Chaplain speaks: “Surviving & thriving with blood cancer”

Chaplain Tanya Willis-Robinson serves bone marrow patients and their families every day at IU Health University Hospital. She will share some of her insights on the power of resilience at a free workshop on June 15.

As she enters the infusion waiting area of IU Health Simon Cancer Center Tanya Willis-Robinson is greeted by patient Debra Poynter. There’s a big hug and then Poynter says: “Gulp of Grace.”

Willis-Robinson has become known for the phrase encouraging others to be patient with their healing and take in a gulp of grace.

“You touch a lot of people’s lives. You are always so happy and cheerful,” said Poynter’s sister Susie Ferrand. Poynter, of Rochdale, Ind. had a bone marrow transplant at IU Health and is in remission. She’s one of many patients Willis-Robinson has seen in her six years with IU Health.

She treats each patient as an individual.

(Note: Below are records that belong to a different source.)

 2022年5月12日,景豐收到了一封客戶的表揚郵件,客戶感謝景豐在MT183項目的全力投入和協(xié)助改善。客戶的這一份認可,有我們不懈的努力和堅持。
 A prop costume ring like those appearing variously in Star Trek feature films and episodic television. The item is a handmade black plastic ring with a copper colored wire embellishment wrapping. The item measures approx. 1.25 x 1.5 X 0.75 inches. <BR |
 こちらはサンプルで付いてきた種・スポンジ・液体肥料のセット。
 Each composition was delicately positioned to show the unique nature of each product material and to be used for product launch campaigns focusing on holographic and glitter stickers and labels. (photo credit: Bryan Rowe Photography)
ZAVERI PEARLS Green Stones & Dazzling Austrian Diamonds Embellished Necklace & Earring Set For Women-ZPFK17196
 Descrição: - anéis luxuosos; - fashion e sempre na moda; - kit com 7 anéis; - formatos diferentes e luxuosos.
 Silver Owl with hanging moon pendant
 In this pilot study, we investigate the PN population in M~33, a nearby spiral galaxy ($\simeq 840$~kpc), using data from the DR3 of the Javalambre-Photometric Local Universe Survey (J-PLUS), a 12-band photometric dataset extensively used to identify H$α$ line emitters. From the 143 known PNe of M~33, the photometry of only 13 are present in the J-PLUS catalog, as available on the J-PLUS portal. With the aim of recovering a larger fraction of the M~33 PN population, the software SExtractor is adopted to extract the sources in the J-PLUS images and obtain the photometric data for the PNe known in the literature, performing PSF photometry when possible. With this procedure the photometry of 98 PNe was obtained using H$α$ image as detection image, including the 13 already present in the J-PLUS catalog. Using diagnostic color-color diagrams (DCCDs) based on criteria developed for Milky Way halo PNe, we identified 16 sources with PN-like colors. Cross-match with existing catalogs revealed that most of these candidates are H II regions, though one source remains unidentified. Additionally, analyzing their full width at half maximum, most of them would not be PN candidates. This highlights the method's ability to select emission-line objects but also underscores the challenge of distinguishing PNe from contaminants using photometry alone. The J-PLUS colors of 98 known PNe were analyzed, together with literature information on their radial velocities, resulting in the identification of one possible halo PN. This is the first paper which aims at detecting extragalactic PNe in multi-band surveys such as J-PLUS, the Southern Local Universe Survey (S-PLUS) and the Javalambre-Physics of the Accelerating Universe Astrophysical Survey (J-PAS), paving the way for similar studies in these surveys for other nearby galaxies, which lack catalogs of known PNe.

“I always give my best. I never know what difference I make. I go in and try to be very present and go in with fresh energy. It’s a new encounter every time,” said Willis-Robinson. So many patients remain on her mind. She tells about one who shared his fears of chemotherapy.

“I remember the day he became vulnerable and cried. I pulled a stool by him and held his hand. I said ‘we’re not going to talk about chemo or leukemia; we’re just going to enjoy this moment,” said Willis-Robinson. She met with him, his wife and daughter several times and after he passed his wife sent Willis-Robinson a letter of appreciation. She quoted Maya Angelou: “I’ve learned people will forget what you said, people will forget what you did, but people will never forget how you made them feel.”

Willis-Robinson lives by that motto.

A native of the city’s eastside, she graduated from Arlington High School and served two years on active duty and seven years reserved with the US Navy. She was stationed on the USS Yellowstone at a time women were just beginning to be integrated on Naval ships.

After the Navy she enrolled in Marian University where she obtained a degree in religious education and then received a Master in Divinity from Bethany Theological Seminary.

“I saw my first female chaplain when I was in the Navy. It resonated with me. I am Pentecostal and you don’t see a lot of women in leadership but I knew it was something I was called to do,” said Willis-Robertson. “There was always a knowing in my subconscious that I wanted to work in a field that allowed my vocation to meet my faith. I was privileged to be able to do both. I’m a professional chaplain however my vocation is in spiritual care and I love it.

“As a chaplain I don’t go and offer prayer I offer myself and with that a space is created for them to share themselves. As chaplains we’re individuals who have been trained in many areas. I’m able to offer generous and empathic listening and let them talk about fears and hopes.”

Willis-Robertson will take part in a free workshop from 8:30 a.m. to 2:00 p.m. Saturday, June 15 at St. Richards Episcopal School where she will speak on the “Power of Resilience.” IU Health patient Teresa Altemeyer will join her. IU Health Dr. Rafat Abonour, who specializes in hematology/oncology, will also speak about Myeloma & Waldenstroms Emerging Therapies. The program is presented by the Leukemia & Lymphoma Society (LLS) and will include complimentary breakfast and lunch for patients and caregivers.

“My focus on resiliency is coming from a faith lens – a more holistic lens that encompasses body mind and spirit,” said Willis-Robinson. “Not every person may have a faith story but they are individuals who can be touched and encouraged. My goal is to encourage families to share their hopes and fears and hopefully they can suspend their hopes long enough to be resilient. I want them to be able to speak the truth, to name their feelings and share them with loved ones. Before you can be resilient you have to speak the truth.”

More about Willis-Robinson:

  • She is the daughter of Samuel and Mattie Willis and the sister to Gregory Willis. Her older brother Samuel “Tyrone” Willis became a Riley patient when he was born with a heart defect. As an adult he was a patient at IU Health University Hospital until the time of his death at the age of 30.
  • She has been married to Ronald Robinson for 15 years. Together they have three sons ages 26, 22, and 11.

— By T.J. Banes, Journalist, IU Health.